WHAT YOU NEED TO DO:
Go through the entries below and print, exactly, the lines starting at the one with "Feiern Sie Ihre" and ending at the one with "哔哩哔哩游戏中心是一款包含大", keeping both ends and no others.

──────── INFORMATION

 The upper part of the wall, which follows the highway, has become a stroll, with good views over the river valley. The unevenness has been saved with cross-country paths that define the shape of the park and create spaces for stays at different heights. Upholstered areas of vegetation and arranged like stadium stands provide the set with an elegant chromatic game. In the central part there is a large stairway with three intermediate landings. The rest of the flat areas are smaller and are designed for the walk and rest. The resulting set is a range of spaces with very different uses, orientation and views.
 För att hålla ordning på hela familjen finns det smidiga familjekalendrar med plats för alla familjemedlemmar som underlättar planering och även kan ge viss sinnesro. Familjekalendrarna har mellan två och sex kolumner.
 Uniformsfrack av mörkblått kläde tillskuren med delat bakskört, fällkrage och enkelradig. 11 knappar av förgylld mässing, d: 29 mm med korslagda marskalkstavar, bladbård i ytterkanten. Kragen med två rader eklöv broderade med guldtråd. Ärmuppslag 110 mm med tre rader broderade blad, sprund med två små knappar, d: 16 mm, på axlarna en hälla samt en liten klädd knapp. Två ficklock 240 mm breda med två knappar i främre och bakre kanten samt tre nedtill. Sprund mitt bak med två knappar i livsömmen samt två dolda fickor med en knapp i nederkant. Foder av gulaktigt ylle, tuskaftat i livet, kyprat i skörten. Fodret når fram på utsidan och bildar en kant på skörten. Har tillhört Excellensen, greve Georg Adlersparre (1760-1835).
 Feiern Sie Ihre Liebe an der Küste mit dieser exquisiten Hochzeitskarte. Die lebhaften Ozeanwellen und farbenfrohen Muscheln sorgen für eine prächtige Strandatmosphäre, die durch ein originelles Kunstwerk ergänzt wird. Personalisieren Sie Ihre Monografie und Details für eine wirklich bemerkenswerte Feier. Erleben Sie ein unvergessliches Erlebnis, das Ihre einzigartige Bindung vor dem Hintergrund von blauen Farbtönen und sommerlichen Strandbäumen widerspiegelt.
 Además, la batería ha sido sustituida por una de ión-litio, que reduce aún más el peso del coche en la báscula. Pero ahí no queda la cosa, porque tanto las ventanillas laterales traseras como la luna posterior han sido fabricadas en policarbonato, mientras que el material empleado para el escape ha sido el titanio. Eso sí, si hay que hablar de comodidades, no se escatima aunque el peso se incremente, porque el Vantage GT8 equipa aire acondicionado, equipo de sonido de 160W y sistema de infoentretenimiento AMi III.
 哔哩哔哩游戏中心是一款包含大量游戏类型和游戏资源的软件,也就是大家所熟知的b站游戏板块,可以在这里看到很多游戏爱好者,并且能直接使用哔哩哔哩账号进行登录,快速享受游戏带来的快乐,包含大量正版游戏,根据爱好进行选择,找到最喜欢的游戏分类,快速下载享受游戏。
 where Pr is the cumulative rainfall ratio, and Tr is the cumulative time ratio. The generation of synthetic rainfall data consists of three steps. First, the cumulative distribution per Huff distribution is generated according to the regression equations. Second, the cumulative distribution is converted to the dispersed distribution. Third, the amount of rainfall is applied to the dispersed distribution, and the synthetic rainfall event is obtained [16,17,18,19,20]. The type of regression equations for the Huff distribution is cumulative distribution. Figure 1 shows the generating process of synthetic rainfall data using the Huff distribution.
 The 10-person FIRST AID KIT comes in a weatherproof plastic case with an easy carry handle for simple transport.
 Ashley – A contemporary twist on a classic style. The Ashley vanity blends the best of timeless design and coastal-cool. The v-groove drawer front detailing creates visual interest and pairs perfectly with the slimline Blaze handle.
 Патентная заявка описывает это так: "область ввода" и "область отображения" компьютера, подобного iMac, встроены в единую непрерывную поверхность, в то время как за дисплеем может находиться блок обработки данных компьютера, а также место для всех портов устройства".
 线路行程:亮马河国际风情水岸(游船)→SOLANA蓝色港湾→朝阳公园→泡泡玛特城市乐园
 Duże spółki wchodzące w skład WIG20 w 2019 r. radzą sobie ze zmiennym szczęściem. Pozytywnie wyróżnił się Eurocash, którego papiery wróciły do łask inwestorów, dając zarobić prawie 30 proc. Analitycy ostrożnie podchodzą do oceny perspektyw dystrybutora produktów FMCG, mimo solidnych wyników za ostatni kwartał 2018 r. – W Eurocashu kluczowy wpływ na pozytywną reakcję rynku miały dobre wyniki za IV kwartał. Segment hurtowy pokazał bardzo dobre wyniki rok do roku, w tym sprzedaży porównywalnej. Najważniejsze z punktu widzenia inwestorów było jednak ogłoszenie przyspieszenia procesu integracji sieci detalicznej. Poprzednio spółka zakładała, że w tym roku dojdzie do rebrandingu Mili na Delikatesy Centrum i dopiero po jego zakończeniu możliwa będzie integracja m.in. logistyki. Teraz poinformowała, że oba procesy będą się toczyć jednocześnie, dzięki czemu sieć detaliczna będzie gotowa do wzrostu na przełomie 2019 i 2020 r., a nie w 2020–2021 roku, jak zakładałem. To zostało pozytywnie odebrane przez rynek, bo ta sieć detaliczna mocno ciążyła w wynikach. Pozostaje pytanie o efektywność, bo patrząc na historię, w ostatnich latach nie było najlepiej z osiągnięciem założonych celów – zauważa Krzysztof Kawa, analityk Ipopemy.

────────────────
──────── INFORMATION

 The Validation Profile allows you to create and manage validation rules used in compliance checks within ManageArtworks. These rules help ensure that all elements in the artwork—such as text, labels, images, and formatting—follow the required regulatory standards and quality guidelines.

────────────────

SOLUTION TO THE PROBLEM:
 Feiern Sie Ihre Liebe an der Küste mit dieser exquisiten Hochzeitskarte. Die lebhaften Ozeanwellen und farbenfrohen Muscheln sorgen für eine prächtige Strandatmosphäre, die durch ein originelles Kunstwerk ergänzt wird. Personalisieren Sie Ihre Monografie und Details für eine wirklich bemerkenswerte Feier. Erleben Sie ein unvergessliches Erlebnis, das Ihre einzigartige Bindung vor dem Hintergrund von blauen Farbtönen und sommerlichen Strandbäumen widerspiegelt.
 Además, la batería ha sido sustituida por una de ión-litio, que reduce aún más el peso del coche en la báscula. Pero ahí no queda la cosa, porque tanto las ventanillas laterales traseras como la luna posterior han sido fabricadas en policarbonato, mientras que el material empleado para el escape ha sido el titanio. Eso sí, si hay que hablar de comodidades, no se escatima aunque el peso se incremente, porque el Vantage GT8 equipa aire acondicionado, equipo de sonido de 160W y sistema de infoentretenimiento AMi III.
 哔哩哔哩游戏中心是一款包含大量游戏类型和游戏资源的软件,也就是大家所熟知的b站游戏板块,可以在这里看到很多游戏爱好者,并且能直接使用哔哩哔哩账号进行登录,快速享受游戏带来的快乐,包含大量正版游戏,根据爱好进行选择,找到最喜欢的游戏分类,快速下载享受游戏。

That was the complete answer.